# Tool Transport



## 99cents (Aug 20, 2012)

You don't get a pass or key fob to deliver tools and materials to the job location?


----------



## splatz (May 23, 2015)

If you can roll a cart off easily that's got to be the way to go. I bought this cart in a pinch a while back 










http://www.harborfreight.com/tool-s...ustrial-polypropylene-service-cart-92862.html

There are better for sure but this one was adequate. 

If that's too hard to get off the truck something like this might be better 










http://www.homedepot.com/p/Husky-35-in-Mobile-Job-Box-222167/205053257


----------



## foothillselectrical (Mar 17, 2013)

I've been thinking about that Rubbermaid cart in the top pick, maybe upgrading the casters. I tried the ridgid version of the bottom cart and, to me, it was a PITA


----------



## foothillselectrical (Mar 17, 2013)

99cents said:


> You don't get a pass or key fob to deliver tools and materials to the job location?


I don't think so. And I may be able to put my tools on the company truck when we get to the job and haul them in that way. I'll be meeting foreman at job site and parking my van outside the fence on most jobs.


----------



## splatz (May 23, 2015)

foothillselectrical said:


> I've been thinking about that Rubbermaid cart in the top pick, maybe upgrading the casters. I tried the ridgid version of the bottom cart and, to me, it was a PITA


The cart, I push that thing around with me all day, I can strap a ladder on there, holds a fair amount of materials as well as tools as well as a work surface, I clipped a piece of conduit across the legs to hold reels, etc. etc. 
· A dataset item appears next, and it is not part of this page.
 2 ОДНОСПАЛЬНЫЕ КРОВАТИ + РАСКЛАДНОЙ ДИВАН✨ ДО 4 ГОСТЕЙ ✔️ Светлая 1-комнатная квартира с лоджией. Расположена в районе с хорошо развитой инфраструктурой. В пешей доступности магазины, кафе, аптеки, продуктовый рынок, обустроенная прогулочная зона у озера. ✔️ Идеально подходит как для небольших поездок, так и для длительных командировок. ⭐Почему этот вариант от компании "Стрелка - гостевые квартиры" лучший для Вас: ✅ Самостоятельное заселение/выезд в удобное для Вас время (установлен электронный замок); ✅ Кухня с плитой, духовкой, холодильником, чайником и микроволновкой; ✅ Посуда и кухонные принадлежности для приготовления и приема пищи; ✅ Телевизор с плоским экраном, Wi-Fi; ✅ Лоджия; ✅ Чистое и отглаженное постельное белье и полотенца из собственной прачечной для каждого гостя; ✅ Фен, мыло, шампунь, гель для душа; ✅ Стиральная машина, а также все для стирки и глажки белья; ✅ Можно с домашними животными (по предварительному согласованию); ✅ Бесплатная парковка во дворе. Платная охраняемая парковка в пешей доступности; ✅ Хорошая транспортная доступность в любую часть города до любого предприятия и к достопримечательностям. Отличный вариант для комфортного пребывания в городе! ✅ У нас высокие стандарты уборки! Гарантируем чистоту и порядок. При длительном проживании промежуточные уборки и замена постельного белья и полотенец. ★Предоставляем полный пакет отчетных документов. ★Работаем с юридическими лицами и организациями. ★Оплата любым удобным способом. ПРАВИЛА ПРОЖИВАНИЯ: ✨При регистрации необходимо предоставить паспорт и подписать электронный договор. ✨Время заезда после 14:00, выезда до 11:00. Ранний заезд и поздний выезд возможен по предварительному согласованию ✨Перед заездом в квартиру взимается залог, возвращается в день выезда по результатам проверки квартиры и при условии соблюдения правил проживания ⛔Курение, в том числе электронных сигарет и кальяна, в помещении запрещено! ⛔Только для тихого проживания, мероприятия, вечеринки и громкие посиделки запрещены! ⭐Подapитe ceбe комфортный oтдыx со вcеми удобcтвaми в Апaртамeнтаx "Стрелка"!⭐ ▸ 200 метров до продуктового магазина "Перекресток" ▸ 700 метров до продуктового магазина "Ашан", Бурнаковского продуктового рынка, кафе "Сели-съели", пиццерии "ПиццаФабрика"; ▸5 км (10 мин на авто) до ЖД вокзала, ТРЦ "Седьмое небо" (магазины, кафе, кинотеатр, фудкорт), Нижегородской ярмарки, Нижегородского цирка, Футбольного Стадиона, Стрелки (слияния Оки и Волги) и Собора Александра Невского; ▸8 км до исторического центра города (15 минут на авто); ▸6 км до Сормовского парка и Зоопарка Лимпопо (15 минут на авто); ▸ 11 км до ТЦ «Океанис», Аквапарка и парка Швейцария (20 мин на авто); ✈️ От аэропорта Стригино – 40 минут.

The rolling box is good if you just have to haul your trash to a certain spot, if it's outdoors, or if you want to lock it when you're not there.


----------



## zac (May 11, 2009)

You should look into the rigid stackable units. 
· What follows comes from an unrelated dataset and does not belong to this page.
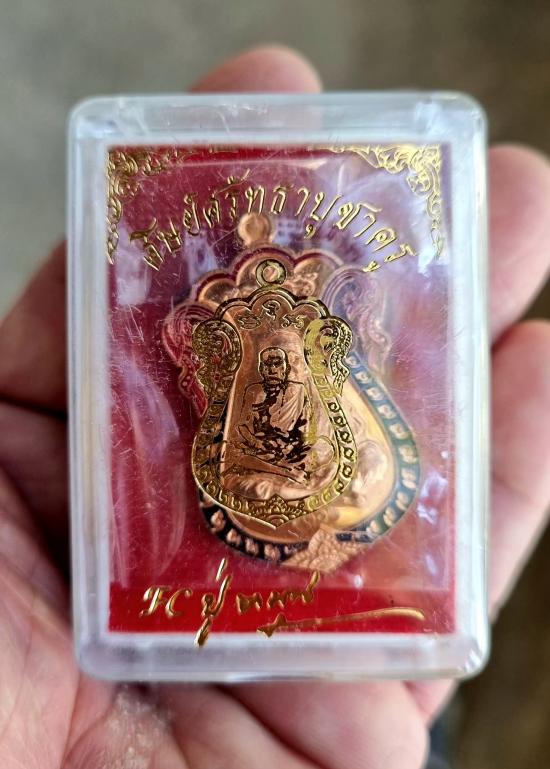 เหรียญเสมาฉลุหลวงปู่หมุน เนื้อทองแดงลงยา2สีรุ่นศิษย์ศรัทธาบูชาครู ออกวัดบ้านจานปี 61 จัดสร้างเพียง 2,000 เหรียญ

Sent from my SM-G930T using Tapatalk


----------



## splatz (May 23, 2015)

This contraption 










http://www.homedepot.com/p/Werner-4...Scaffold-500-lb-Load-Capacity-PS-48/100658408

Makes a good fold up shelf you can pack in the van. I load this thing up with bins and toolboxes for bigger jobs.


----------



## 99cents (Aug 20, 2012)

Seriously, a wheelbarrow with a pneumatic tire would be better than a cheap Chinese rolling tool box.


----------



## foothillselectrical (Mar 17, 2013)

splatz said:


> This contraption
> 
> 
> 
> ...


I actually have one of those and thought about it. I used it when installing long runs. I could hang my bender on there, stack my tools on there, haul materials, etc etc. Really like it and the Rubbermaid cart. Some great ideas here.


----------



## 99cents (Aug 20, 2012)

Since when is a scaffold on the employee tool list?


----------



## Flyingsod (Jul 11, 2013)

I second the scaffolding. It's what I use. It folds up flat to not take up stupid amounts of space when not in use. I modified mine to have a railing so nothing rolls off when pushing it on rough terrain. I also made a shelf to go on the lower rungs. It will carry all the tools you need plus your precious lunch bucket ;-)

The awesome bonus is of course you can legally stand on it even in the fascist safety regimes you will surely be encountering.

Plus it's a nice break bench.

I had carts and rolling tool boxes. I tried a dolly. Nothing beats the folding scaffold.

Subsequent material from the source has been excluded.